Filmed in black and white, the Zambian ground becomes lunar sand as Martha visualises her success, imagining herself clad in a heavy white spacesuit, standing triumphantly on the Moon’s surface. The sky above the peaks of the lunar mountains is black and studded with thousands of stars, but she wakes to the sound of her name being called, still on Earth. 
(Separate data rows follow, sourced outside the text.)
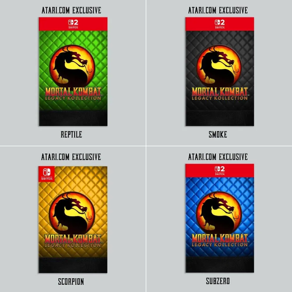 Auf der Atari-Homepage gibt es exklusiv für die Standard-Version der Switch 1 & 2 vier Cover-Einschübe: Scorpion, Smoke, Sub-Zero und Reptile.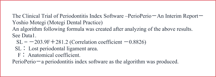 The PerioPerio value is an indicator calculated using the clinical research algorithm SL = -203.9F + 281.2, as presented in the academic paper “PerioPerio: An Academic Paper.” This indicator value has been statistically proven over a five-year clinical study to accurately reflect periodontitis classification (Japanese Dental Association, 2007) without bias. You can use it with confidence.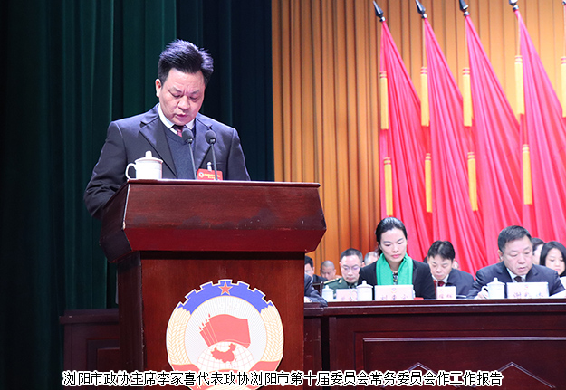 浏阳市政协主席李家喜代表政协浏阳市第十届委员会常务委员会作工作报告。市政协副主席谢建国主持大会并宣布开幕。李家喜从六个方面总结了过去一年市政协的工作。他表示,2017年是十届浏阳市政协的开局之年,在市委的坚强领导和长沙市政协的关心指导下,市政协常委会牢牢把握团结和民主两大主题,团结带领全体委员,以打造智慧政协、亲民政协、效能政协、活力政协为目标,认真履行政治协商、民主监督、参政议政三大职能,切实做好协调关系、汇聚力量、建言献策、服务大局各项工作,为浏阳经济社会发展作出了积极贡献。主要表现为:坚持正确方向,提高政治站位;坚持聚焦中心,助力改革发展;坚持统筹协调,加强经常性工作;坚持履职为民,服务发展大局;坚持团结联合,汇聚发展合力;坚持强本固基,提高履职能力。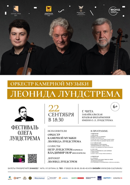 22 сентября 18:30 на сцене большого концертного зала филармонии молодой оркестр под управлением Леонида Лундстрема представит для забайкальцев специально подготовленную для IV Фестиваля Олега Лундстрема концертную программу.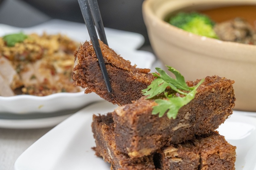 最最令人驚豔的就是這道小菜,看到菜名「菜脯蛋捲」可能會聯想成一般的菜脯蛋捲起來的樣子,但這道蛋捲是炸得非常酥脆的菜脯蛋酥做成的,有別於一般的鹹食,吃起來就像肉鬆一樣,是一道非常有創意又美味的小菜,果然跟它的名字一樣,吃了會讓人飛上天!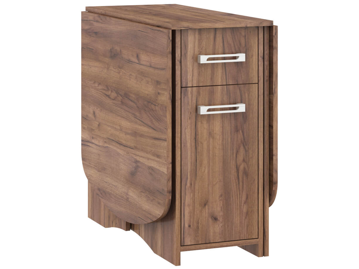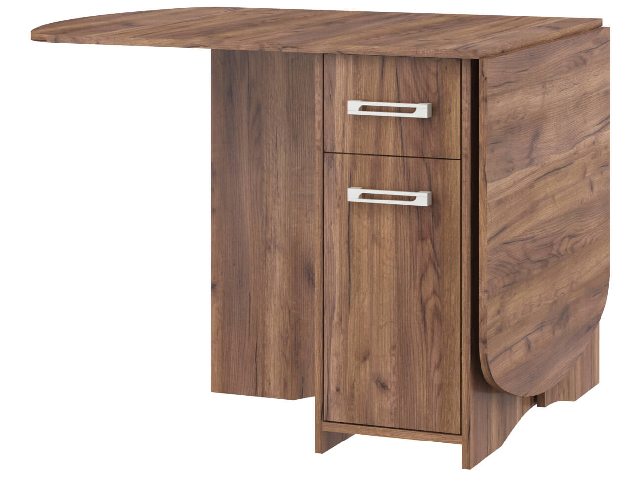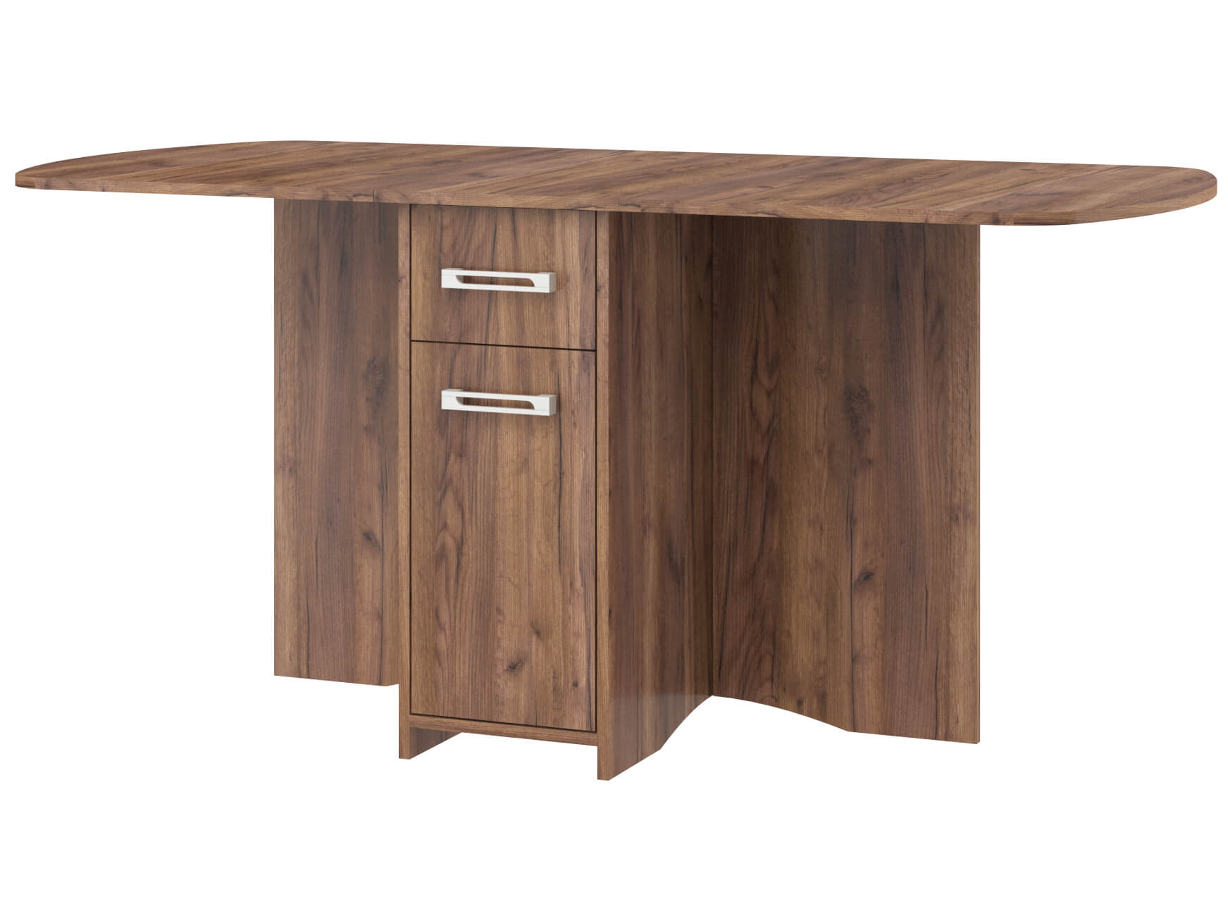 Sklopiv, tako da ne zauzima puno mjesta, po potrebi se može sklopiti u mali ili veliki stol, izgleda vrlo ugodno. Prednost su i dvije ladice i ormarić. Zadovoljstvo.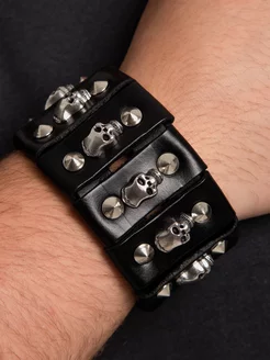Браслет-напульсник широкий кожаный с шипами и черепами
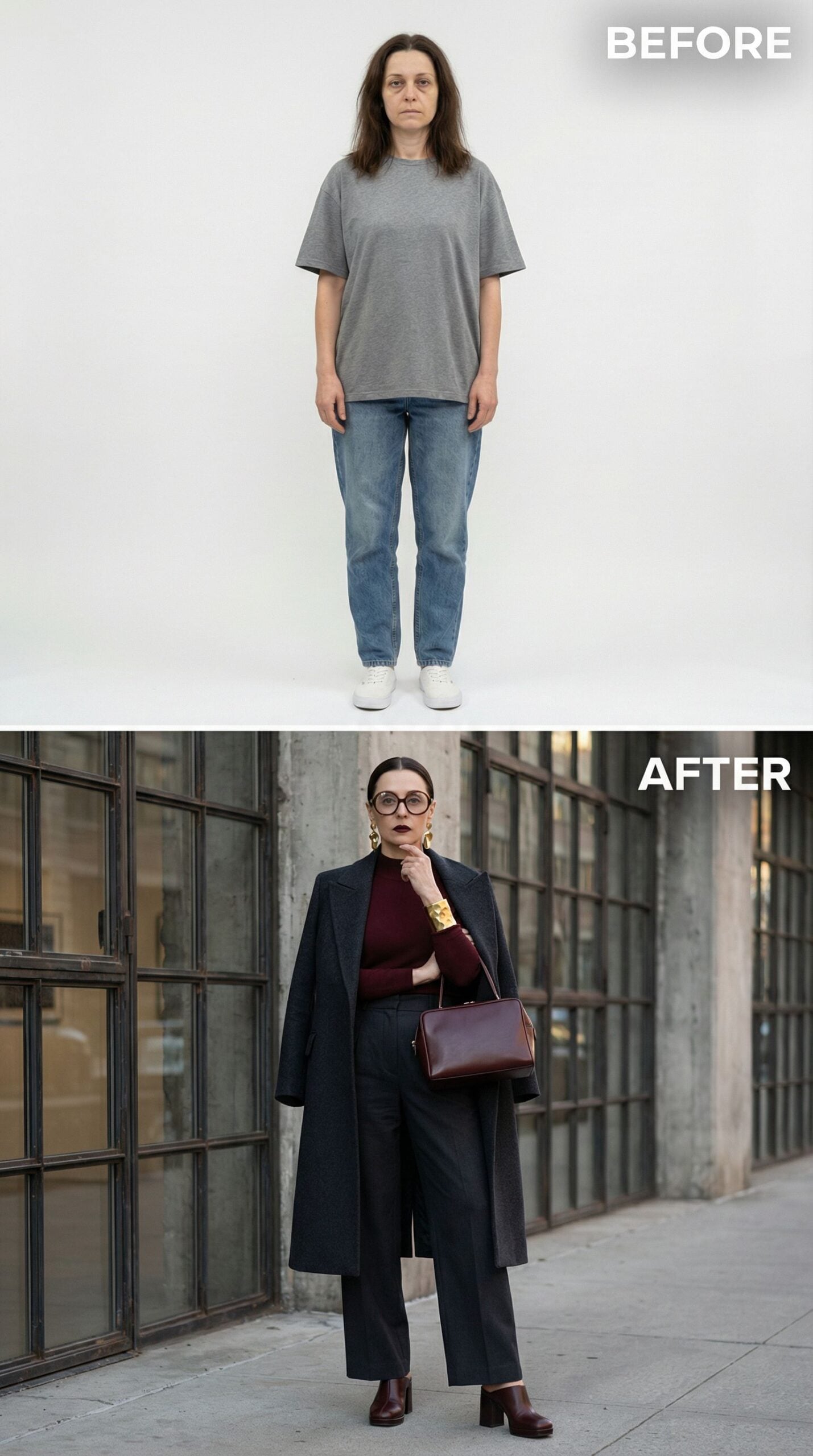 Burgundy knits anchor this polished transformation, proving that rich jewel tones instantly elevate any wardrobe. The tailored charcoal coat creates structure while tortoiseshell glasses add intellectual sophistication. Gold jewelry and a structured leather handbag complete the executive aesthetic. This refined ensemble takes Frumpy Woman from weekend casual to boardroom ready, demonstrating how strategic layering and premium accessories transform your entire presence into pure professional confidence.

The film’s climax: Martha approaches Bantu 7, dramatically lit, it looks impossibly small and fragile. She awaits the ignition of the engines by a burning stake thrown at the spacecraft. Here the film becomes a montage of footage from US launches spliced with the Afronauts craning their necks to the sky, watching the dazzling firework tear away. Suddenly it explodes, raining sparks over the desert but Martha is nowhere to be seen in the wreckage. Instead we see her standing again on the dusty grey lunar sand, but this time the sky is a bright, opaque grey.

However we might interpret this ending, Afronauts creates a visual reality for African space travel. The uniformity and anonymity of the black and white desert creates a transitory, unfixed space in which the lines between fiction and reality are blurred. Paired with the unearthly, disorienting score, the film creates a feeling of hovering unreality, a space in which anything could happen; where anything can happen. 
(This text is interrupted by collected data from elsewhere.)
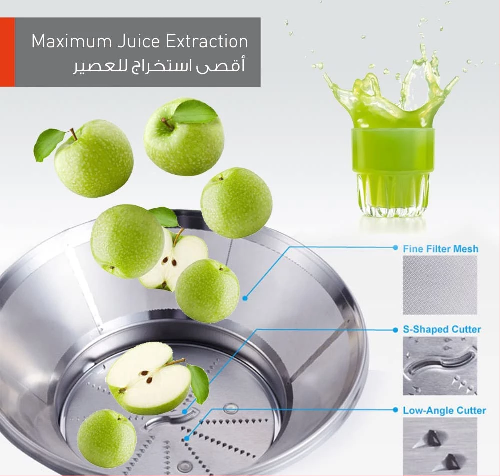 Maximum Juice ExtractionThe Full Metal Spinner’s S-Shaped Cutter firmly holds fruit in place as it is being juiced, and centrifugal force works to eject the pulp. It squeezes more efficiently because the fruit doesn’t spin. Thorough extraction is achieved by the Low-Angle Cutter, and the fine Filter Mesh separates the juice from the pulp so you always get a refreshing, thirst-quenching drink. |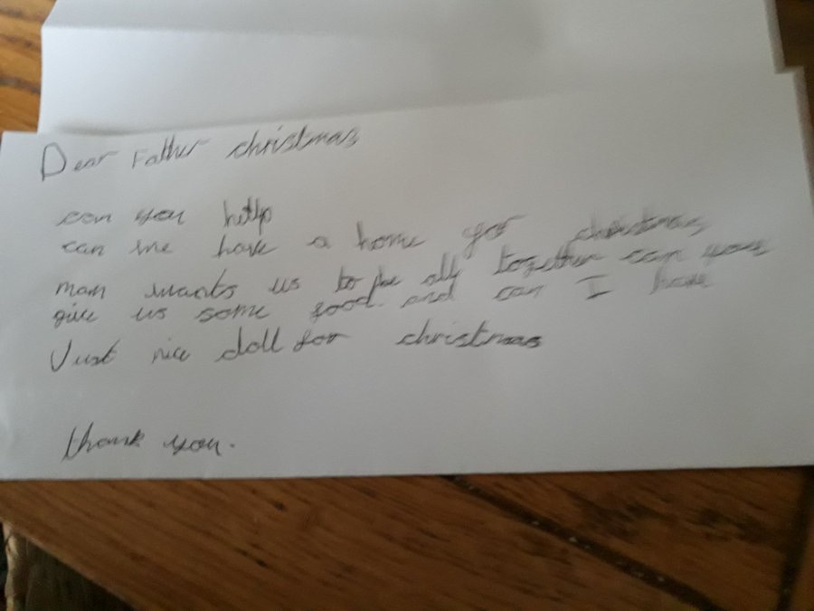 2019年11月29日聖誕節是一個充滿歡樂的溫馨節日。每年到了這個時候,很多小朋友都會給聖誕老人寫信,訴說自己純真的願望。英國利物浦一名7歲女孩就給聖誕老人寫了一封信,但她想要的不是昂貴玩具,而是希望有一個能跟家人一起過節的家。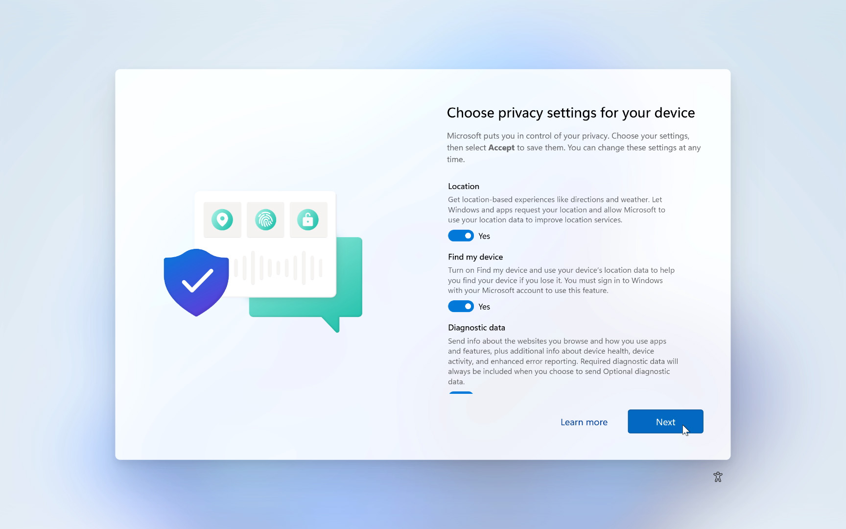 Телеметрия и отслеживание местоположения включены по умолчанию, но их можно легко изменить позже. Телеметрия и сбор "дополнительных диагностических данных" – это еще одна тема, которая постоянно вызывает вопросы. Майкрософт просит собирать информацию о том, какие сайты вы посещаете и как используете приложения. Плюс, по умолчанию включено отслеживание местоположения, даже если у вас стационарный ПК. 🤦♂️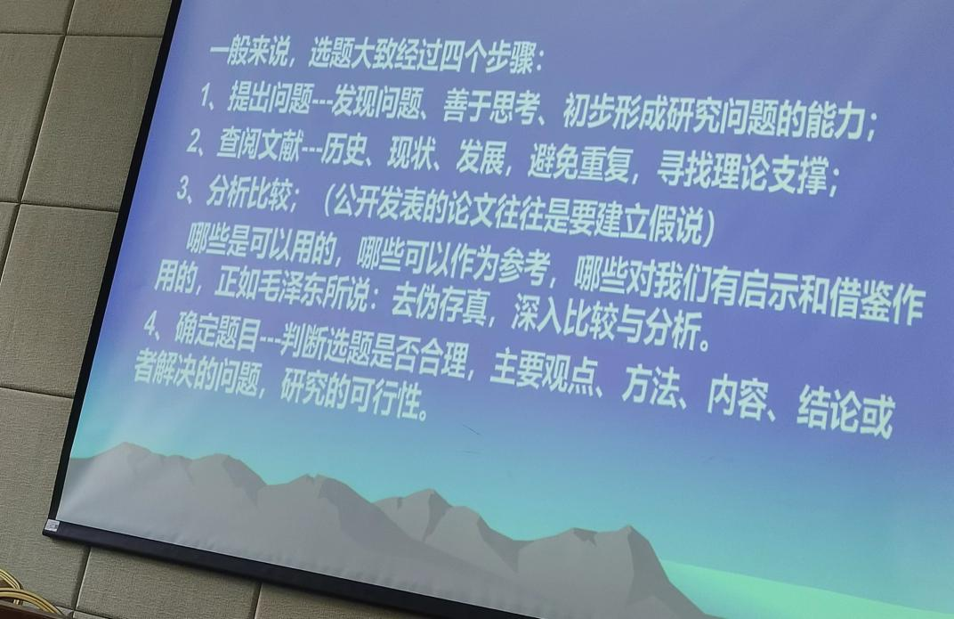 对选题的过程,董教授指出,选题大致经过四个步骤:第一,提出问题——发现问题、善于思考、初步形成研究问题的能力;第二,查阅文献——历史、现状、发展,避免重复,寻找理论支撑;第三,分析比较——公开发表的论文往往是要建立假说:哪些是可以用的,哪些可以作为参考,哪些对我们有启示和借鉴作用的;第四,确定题目——判断选题是否合理,主要观点、方法、内容、结论或者解决的问题、研究的可行性。

Afronauts is not, however, a straightforward work of fiction; it is honest and critical, depicting a reality which does not shy away from the impossibilities of Nkoloso’s 1964 vision, it documents real events with real risk to the people involved. The film also addresses modern-day Zambia: Bodomo’s casting of a woman with albinism for the starring role was a critique of prejudices rife in Zambia against people with albinism who are, in Bodomo’s own words: ‘experiencing a lack of safety around belonging, a person who’s having to prove their worthiness to the group, a person who was still othered.’ 

The power of Kia Henda’s Icarus 13: The First Journey to the Sun, Nkoloso’s space program, and Bodomo’s work of speculative fiction lies in their reality-building –  the realities they carve out for themselves. In presenting architectural works as evidence of Icarus 13’s voyage, Kia Henda retrospectively documents a pivotal moment in human history, pioneered by Angolan scientific excellence. He creates a reality which empowers an historically disempowered, colonised country and re-centres it at the apex of human space travel. Nkoloso moved through the physicality of training his Afronauts and founding the Zambian National Academy of Science, to claim Zambia’s place in the space race among the technological giants of the world. And finally, Bodomo’s 2014 film presents us with a transient, elusive depiction of Nkoloso’s space program which defies both reality and fiction. 

These acts of defiance write African history into the history of space travel, override economic and technological limitations, create an Other African history which decentres whiteness and empowers the Black body; they imprint the footprints of an Afronaut on the Moon.